_ACTIVITY:_
When you repeat the material, keep each line exact and omit the pictures.

_INFORMATION SHOWN:_
----------------------------------------
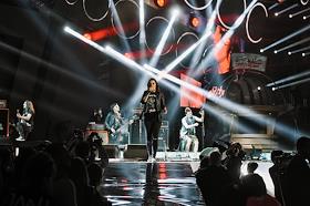 XI ежегодная национальная музыкальная премия в области рок-музыки "Чартова дюжина" на стадионе "ВТБ Ледовый дворец". Солист группы КняZz Андрей "Князь" Князев во время выступления на церемонии.
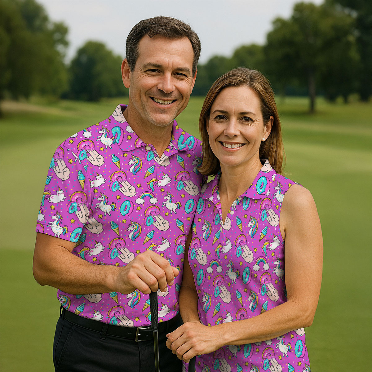 Funny Donut Fingers Pink Adult Humor Mens Golf Shirts, Polo Shirts For Men, Valentines Golf Gift
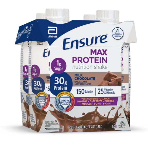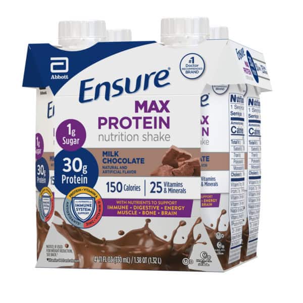 Ensure Max Protein shakes are also prepared with a 4g fiber blend with 1g of prebiotic fiber to support digestive health. Available in 7 delicious varieties, including 2 with caffeine,* you’re sure to find your favorite flavor. From Ensure, the #1 doctor-recommended brand.† This product is gluten-free and suitable for lactose intolerance.‡
----------------------------------------
_ANSWER TO THE PROBLEM:_
 XI ежегодная национальная музыкальная премия в области рок-музыки "Чартова дюжина" на стадионе "ВТБ Ледовый дворец". Солист группы КняZz Андрей "Князь" Князев во время выступления на церемонии.
 Funny Donut Fingers Pink Adult Humor Mens Golf Shirts, Polo Shirts For Men, Valentines Golf Gift
 Ensure Max Protein shakes are also prepared with a 4g fiber blend with 1g of prebiotic fiber to support digestive health. Available in 7 delicious varieties, including 2 with caffeine,* you’re sure to find your favorite flavor. From Ensure, the #1 doctor-recommended brand.† This product is gluten-free and suitable for lactose intolerance.‡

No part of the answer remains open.